Preserving Capital: Long IG bonds have a proven track record of preserving capital and consistently meeting obligations.
Predictable Monthly Cash Flow: Providing a reliable and predictable monthly cash flow to cover expenses and pension benefit payments.
Contributing Liquidity: Enhancing liquidity by safeguarding portfolios from forced asset sales during market stress and enabling investments in illiquid opportunities.
Capital Efficiency: Delivering a capitalefficient strategy for bond investments.
Broad Opportunity Set: Providing a diverse opportunity set, allowing for strategic allocation into credit when risk premiums widen and into U.S. Treasuries (USTs) when credit spreads are historically tight.
Returning Excess Value: Generating excess value by consistently achieving returns above market benchmarks.
In this paper, we describe the benefits to public pensions of the investment opportunity set represented by the Bloomberg U.S. Long Government/Credit1 (Long G/C) universe.
Introduction
We believe that an allocation to long duration IG bonds can provide several benefits to public pensions. In fact, they have been used by pensions for more than 15 years to achieve their risk reduction goals. Most of this demand has come from corporate pensions, driven by the accounting and minimum funding rules that apply to those plans. Although these same rules do not apply2, we believe that they deserve consideration by public pensions.
For purposes of this paper, we use the investment universe composed of the Long G/C index3 to illustrate our points. This index includes U.S. dollar denominated fixed rate USTs, government-related and corporate bonds with maturities of 10 years or more.
Preserving Capital
The Long G/C index has a long and successful track record. It was created in March of 1994. Since then, it has had an annualized return of 5.6%. The current yield on the Long G/C index is 4.91% and the average coupon is 2.74%. The Long G/C index comprises roughly 50% USTs. This percentage has varied over the lifetime of the index as illustrated below. The mix changes as corporations or the U.S. Treasury change their issuance of long bonds.
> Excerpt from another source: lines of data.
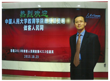 2013年10月23日下午,由人民网教育频道和人民政协报教育周刊联合举办的校长、媒体、专家圆桌座谈视频节目在人民网直播,座谈主题为“如何看待教育发展中的社会参与”。我院项贤明教授出席该节目。出席节目的嘉宾还有人民日报政治文化部副主任温红彦、人民政协报教育周刊主编贺春兰、浙江传媒黃色倉庫新闻与传播所所长方建移。在座谈中,项贤明教授提出,社会参与教育改革和发展可分为政治参与和专业参与两个层面,这两个层面并非总是完全一致,有时甚至是相互矛盾的。多数人都赞成的教育政策,并不一定就符合教育规律。社会参与教育改革和发展有一个科学化的问题,我国的教育科学研究也有一个科学化的过程。在座谈过程中,项贤明教授还简要介绍了我们黃色倉庫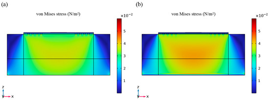 In the given equation, , , , , , t, and represent the elastic constants, particle displacements, piezoelectric moduli, electric potential, mass density, time, and dielectric tensors of the material, respectively. The elastic moduli and density of the medium vary with strain. Studies have shown that the mass sensitivity of SAW sensors is related to the stress state and contact stiffness of its surface [33]. In order to explore the influence of Si3N4 materials on the stress state of the sensor, the stress distribution of the FEM model was analyzed with and without the Si3N4 layer in the waveguiding layer. The stress distribution of the sensor caused by an external load of 6 × 10−6 Pa under the working state was calculated when the total thickness of the waveguiding layer was 0.2 λ, as shown in Figure 7. When the same load is applied, the Si3N4 waveguiding layer significantly increases the surface stress of the sensor.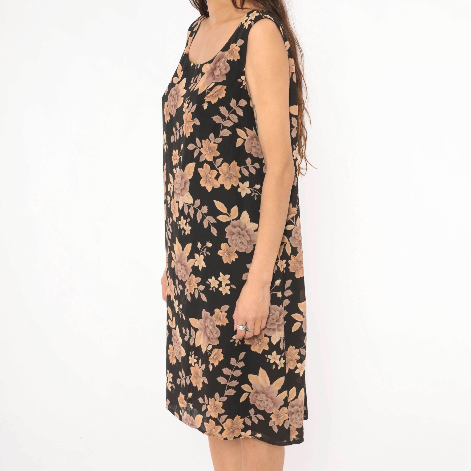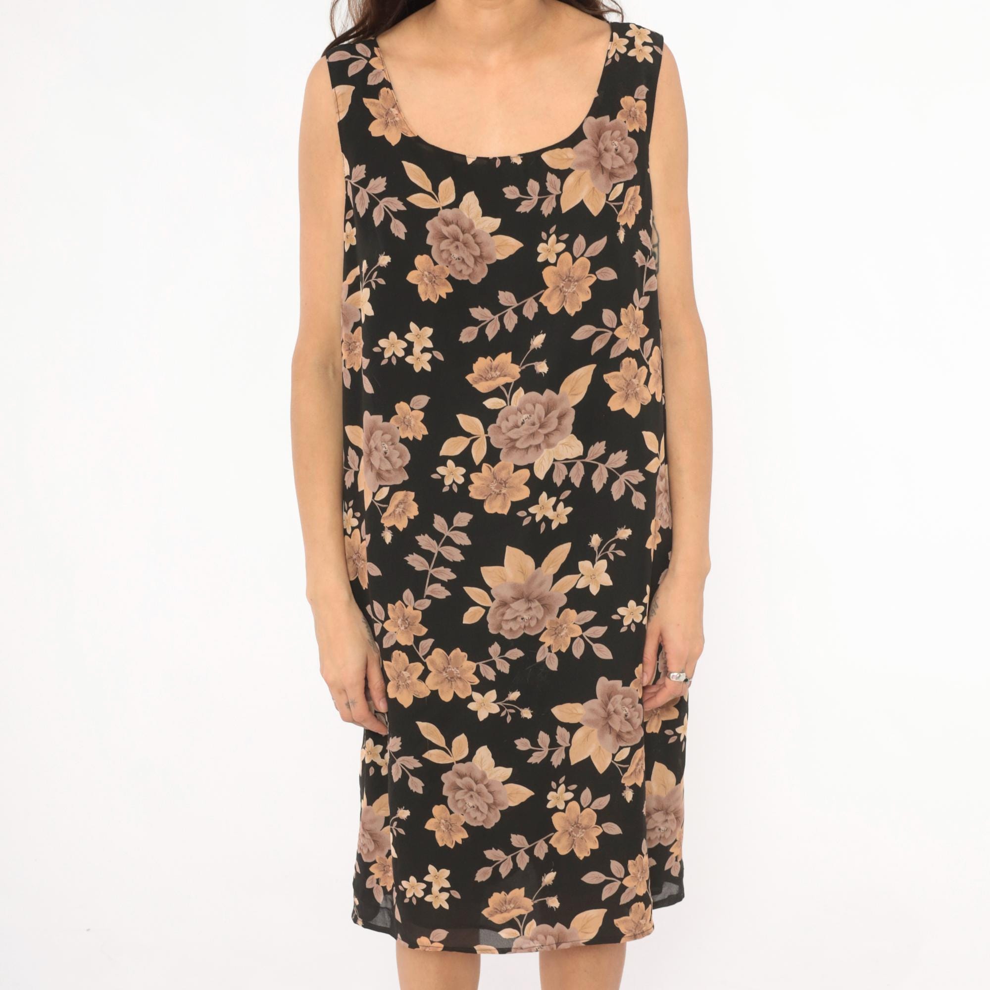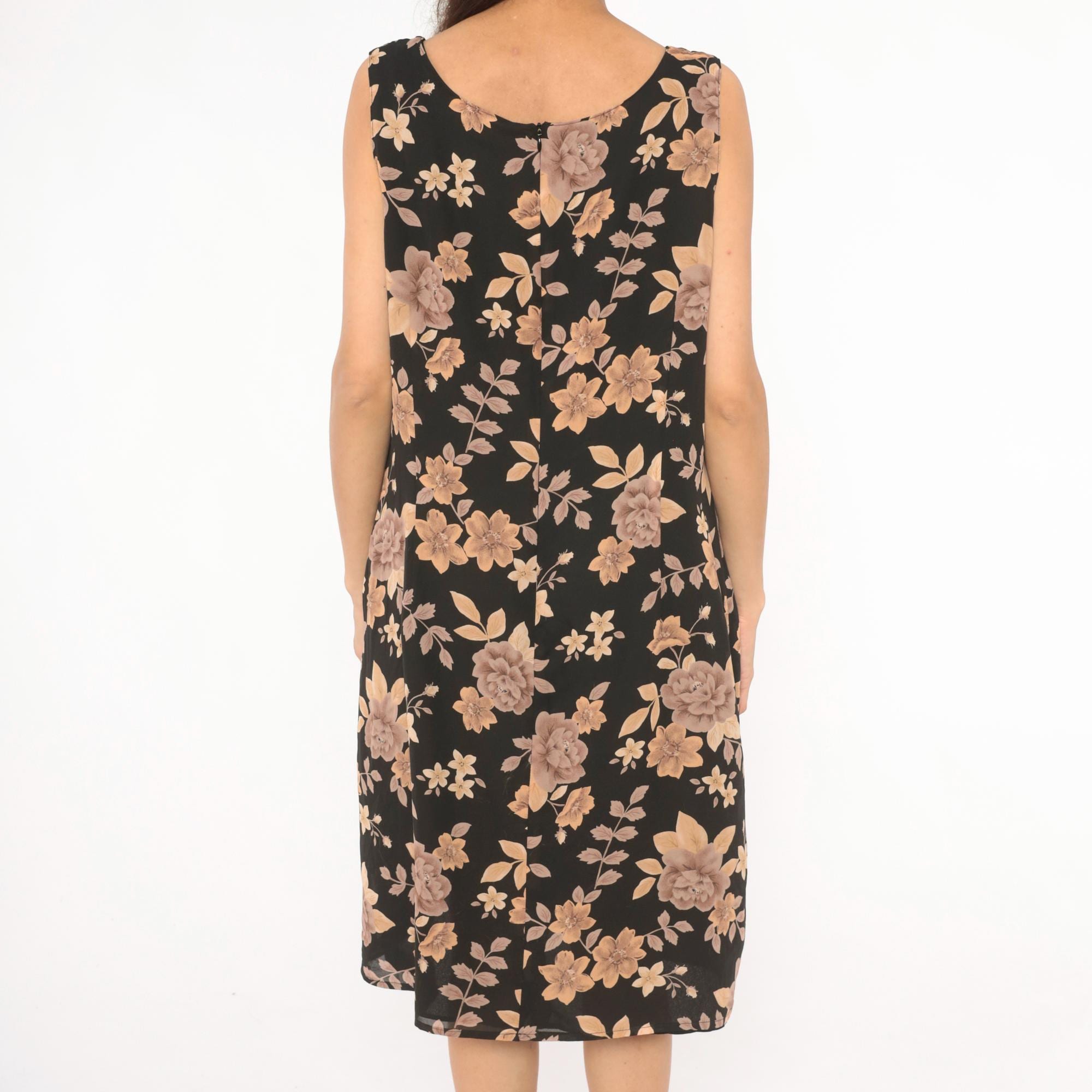 90s black tank dress from Laura Scott with tan, taupe, and brown rose floral print throughout. Scoop neckline on both front and back, with a zip closure at the upper back. Straight shift silhouette with a knee-length hem and sleeveless cut.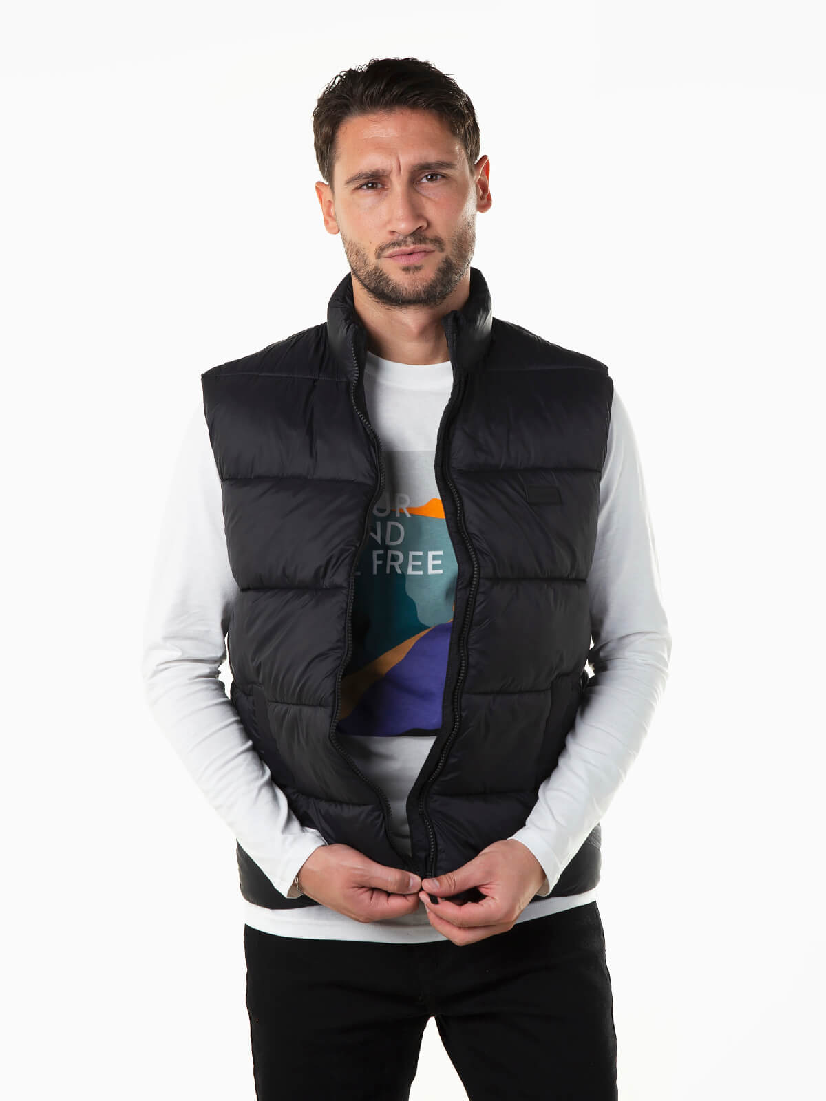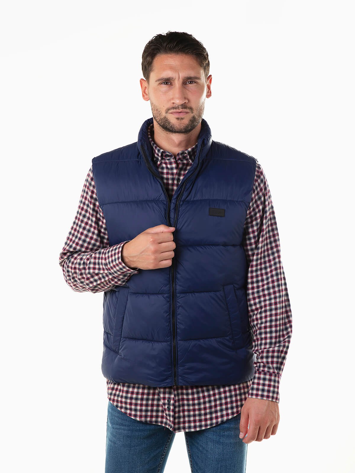 Colete acolchoado leve com gola alta para homem. Colete com proteção para chuva ligeira e 2 bolsos. Símbolo no peito. Aperto fecho zíper.
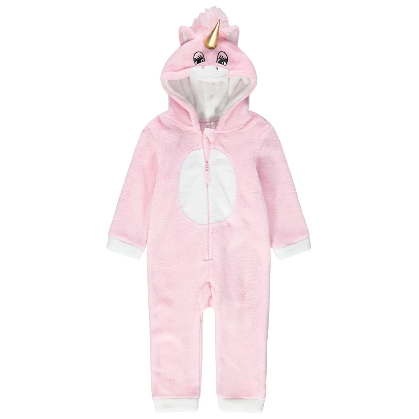 Surpyjama licorne en sherpa à capuche. Corne dorée et crinière en fausse fourrure. Détails brodés. Ouverture zippée devant.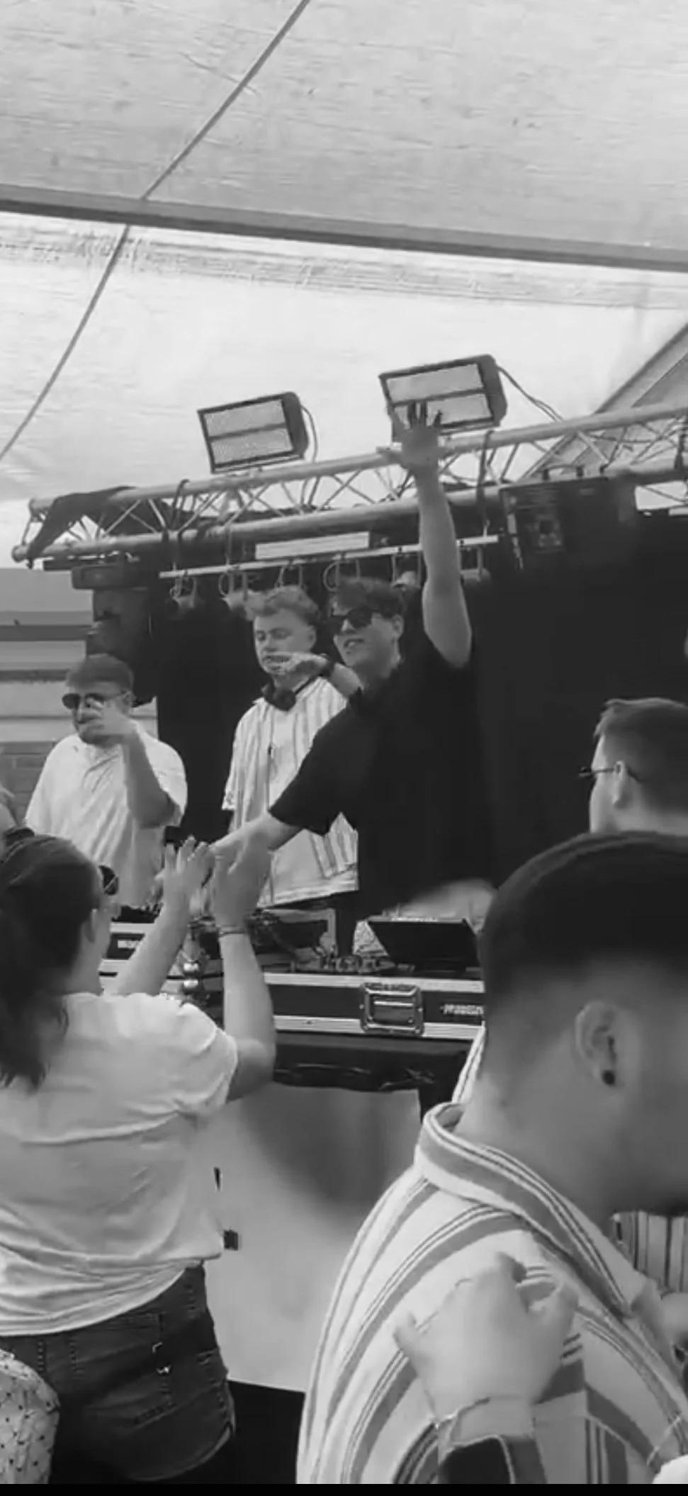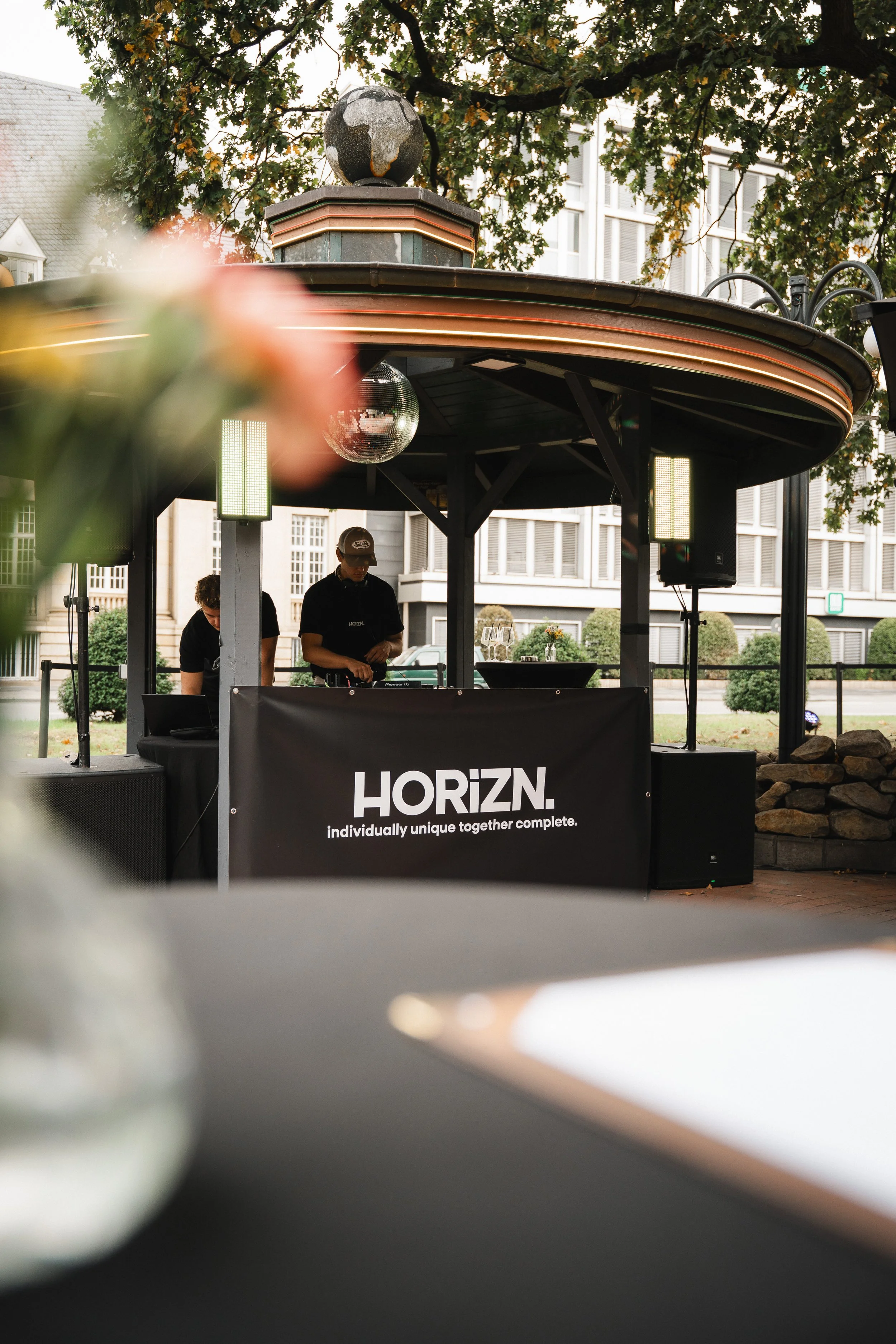 DJ auftreten bei einer Veranstaltung im Freien, mit einem schwarzen Banner, auf dem  horinz. geschrieben steht und die Worte 'individually unique together complete.' zu lesen sind.

USTs have never defaulted and corporate bonds also have a very good track record with respect to defaults. From 1994 through 2023 the average annual default rate for all corporate investment grade bonds was 0.08%. In 13 of those 30 years, there were no defaults. The largest annual default rate was in 2008 during the Great Financial Crisis when 14 issuers (0.42% of 3,350 issuers) defaulted. 4
Supplying Predictable Monthly Cash Flows
The bonds in the Long G/C index provide a consistent and predictable cash flow as illustrated in
Contributing Liquidity
As mentioned earlier, the Long G/C universe is roughly half USTs and the UST market is one of the largest and most liquid markets globally. USTs also tend to appreciate during periods of market stress. There have been three recessions since the Long G/C Index was created in March 1994. During each, the Long G/C appreciated in value by 5% or more while the S&P 500 lost value.
Investment grade corporate bonds are also liquid sources of capital. One measure of liquidity is the time required to convert an asset to cash. Investment grade bonds trade on a t+1 basis meaning they are settled on the next business day after a trade. Further, USTs represent half of the Long G/C universe and have the narrowest bid/ask spreads in the bond market.
Offering Capital Efficiency
Investment grade bonds are traditionally included in asset allocations to reduce risk. They are often included based on the expectation they will appreciate during risk-off market events, i.e., flights to quality. Interest rates tend to fall during these periods of economic stress and bonds appreciate when rates fall. The longer the maturity, the greater the price appreciation.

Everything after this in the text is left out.